Most series aren’t quite as One-Big-Story as all that. Many are more like a
2. Stone-Skipping-Across-the-Water Series. You’ve been to a lake at some point, perhaps? The stone makes a little arc, bounces against the lake’s surface, makes another little arc, bounces again, makes a third little arc, bounces, arc, another bounce, arc, bounce, arc, bounce, glub. In these series, each book has an arc of its own. When you finish, you can say “ah” and sit back in your chair for a moment - even if you see more story will be coming. Rick Riordan does a good job of this in the first couple of volumes of the Percy Jackson series, and I think the first few Harry Potter books have that quality as well. You couldn’t really call these books “stand-alones,” but they can kind of balance on their own for a moment.
Even more independent are the books found in a
3. One-World-Many-Stories Series. These stories sometimes can stand alone, but are enriched and deepened by one’s knowledge of the other books in the series. I’d put the Narnia books in this category, as well as the Edward Eager books, the Earthsea books of Ursula K. LeGuin, just about everything Madeleine L’Engle ever wrote, and, more recently, books like Kristin Cashore’s Graceling (2008) and Fire (2009). Sometimes the follow-up book in such cases is called “a companion novel,” because sometimes it’s more of a “sidequel” than a sequel or prequel.
All right, then, let’s say you’re a writer. You write a book. You write it as well as you possibly can; you put your heart into it; you revise it forty-eight times. You write it as a “stand-alone” because you know that standing alone is probably its fate, and in any case you don’t want to frighten off publishers with too much optimism. But maybe, secretly, you have ideas about other things that could happen to these characters in the future.

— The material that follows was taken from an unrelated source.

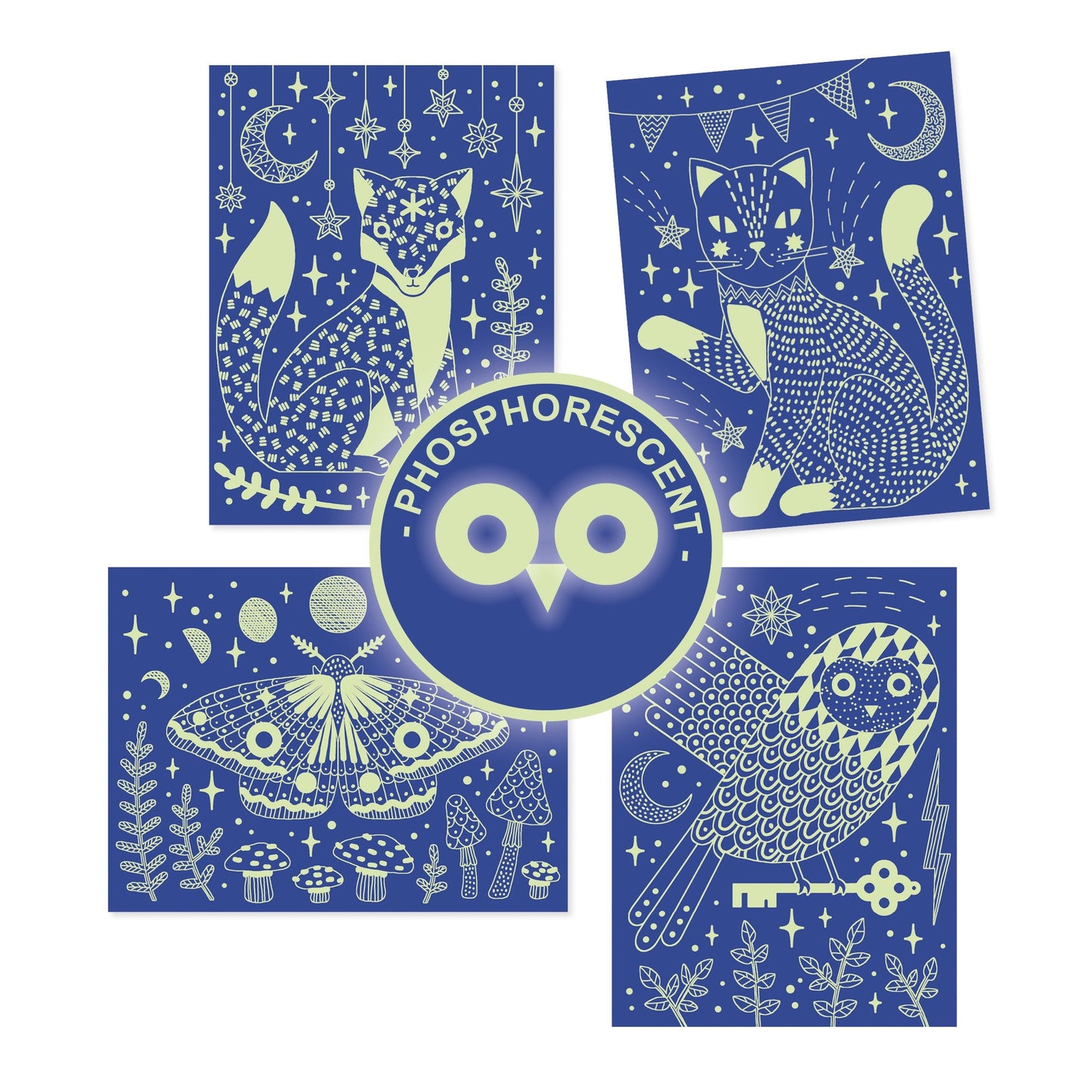 A set of 4 glow-in-the-dark scratch boards featuring nocturnal animals. Children reproduce the patterns designed by the artist by scratching the surface of the board with the wooden stylus. Surprise: in the dark, the animals glow!

And then it turns out, late in the game, that a sequel might be possible.
How do you do it?
Do you try to make the sequel a fully satisfying book in its own right? But how possible is that, really?
Do you acknowledge the events of book one in book two? Did you have the chance to plant some seeds for book two in book one, or do you have to go through that book one now with a magnifying glass, looking for little specks that might be seeds?

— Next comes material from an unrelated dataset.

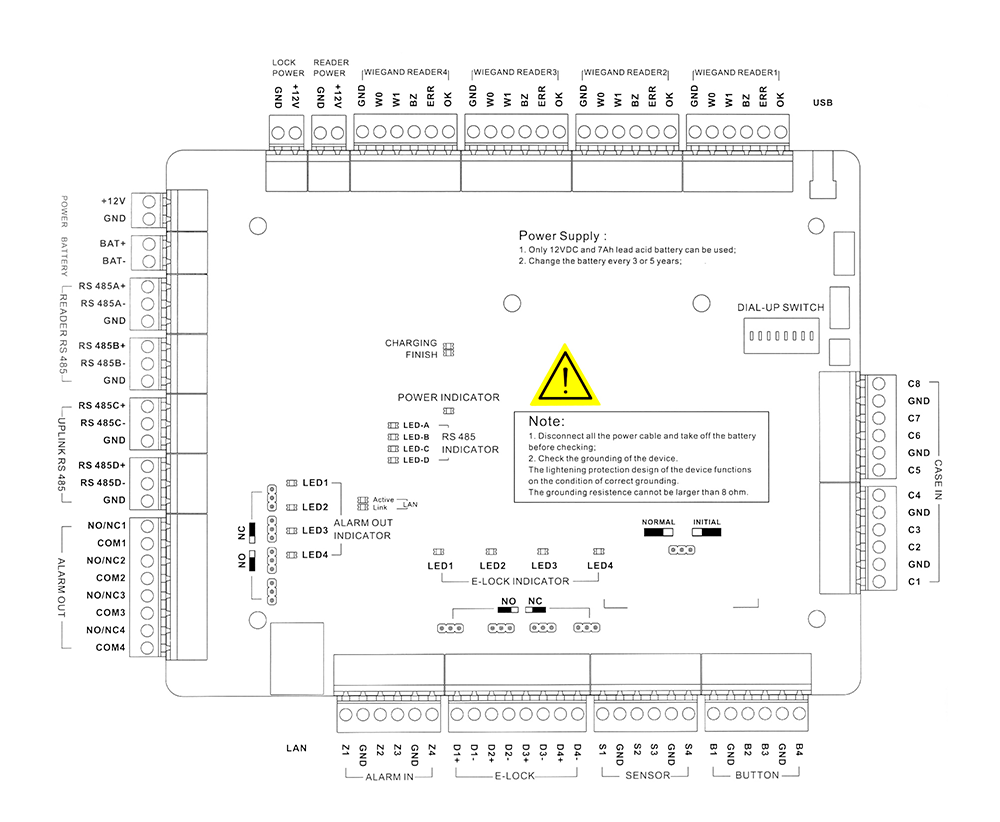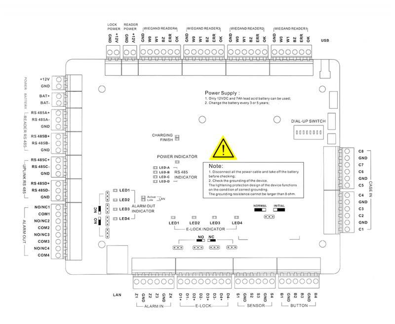 - Število podpiranih čitalnikov: 8 kosov @ RS-485, 4 kosi @ Wiegand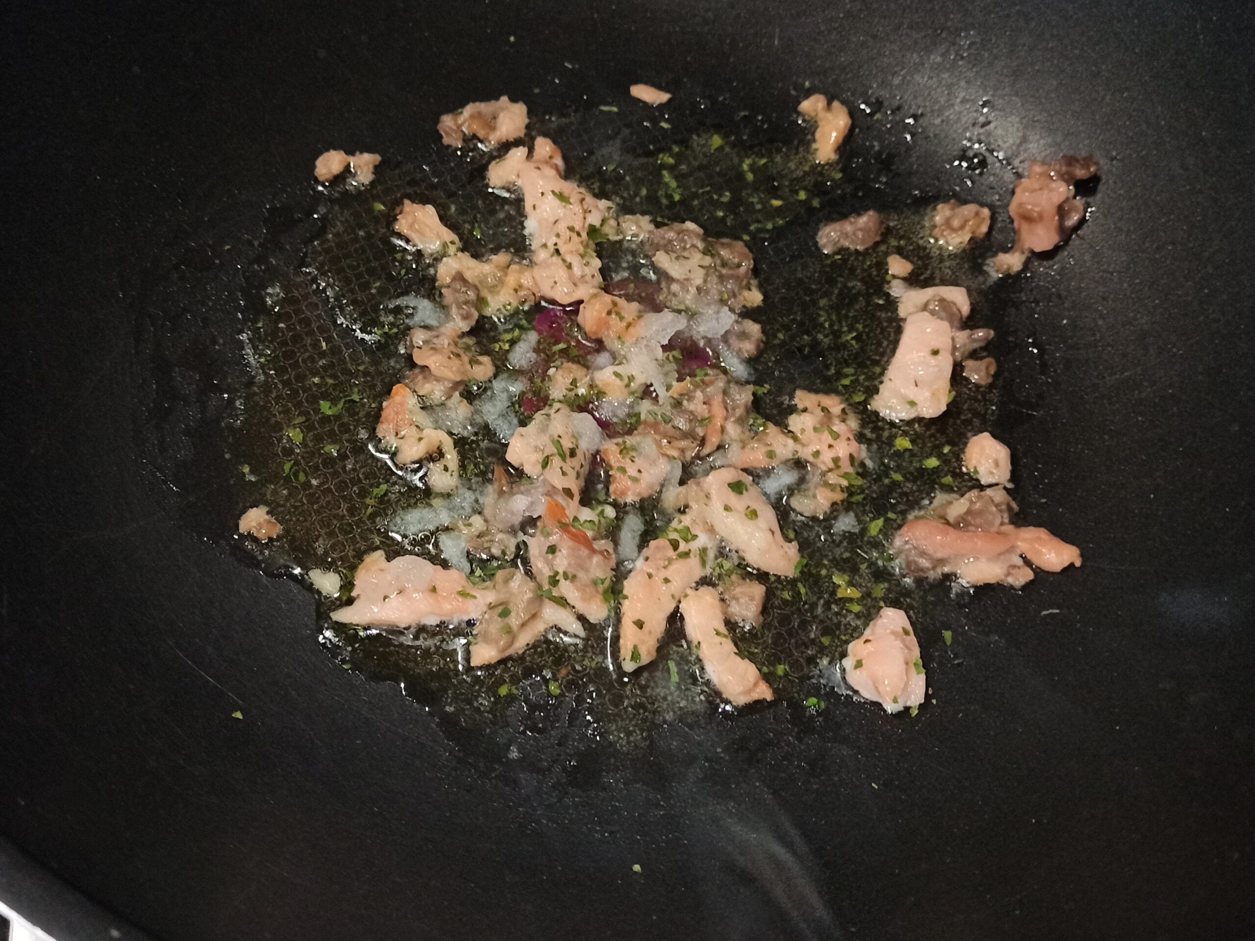 aggiungete un poco di prezzemolo, mescolate, impiattate, completate con del pepe macinato al momento.

If you want to acknowledge the events of book one, how do you do that without, ahem, committing the dreadful crime of info-dumping? (Backstory never seems to come off as lightly as we might want, does it? “Matthew recalled that trouble with the unicorns last fall” - hmm, somehow not so great.)
How do you write chapter one of book two? No, let’s make that a real question instead of a hypothetical: Writers, how did you do it? How are you doing it? How do you hope to do it? Have you got any tips?
Readers, what do you think writers should keep in mind as they sweat their way through Ch. 1 of Bk. 2? Do you want a sequel to stand alone? Is a cliff-hanger a plus or a minus? And how much info, exactly, can be dumped in your lap before the book hits the wall?
Inkies of all stripes, let’s figure out the secret ingredients of a really great sequel! What are some of the most satisfying sequels or series books on your shelf? What kind of “sequel” do you, as reader or writer, prefer? What tricks do the best writers use to bring us back into their fictional world and get the new story moving? What really goes into producing a good Chapter One of Book Two?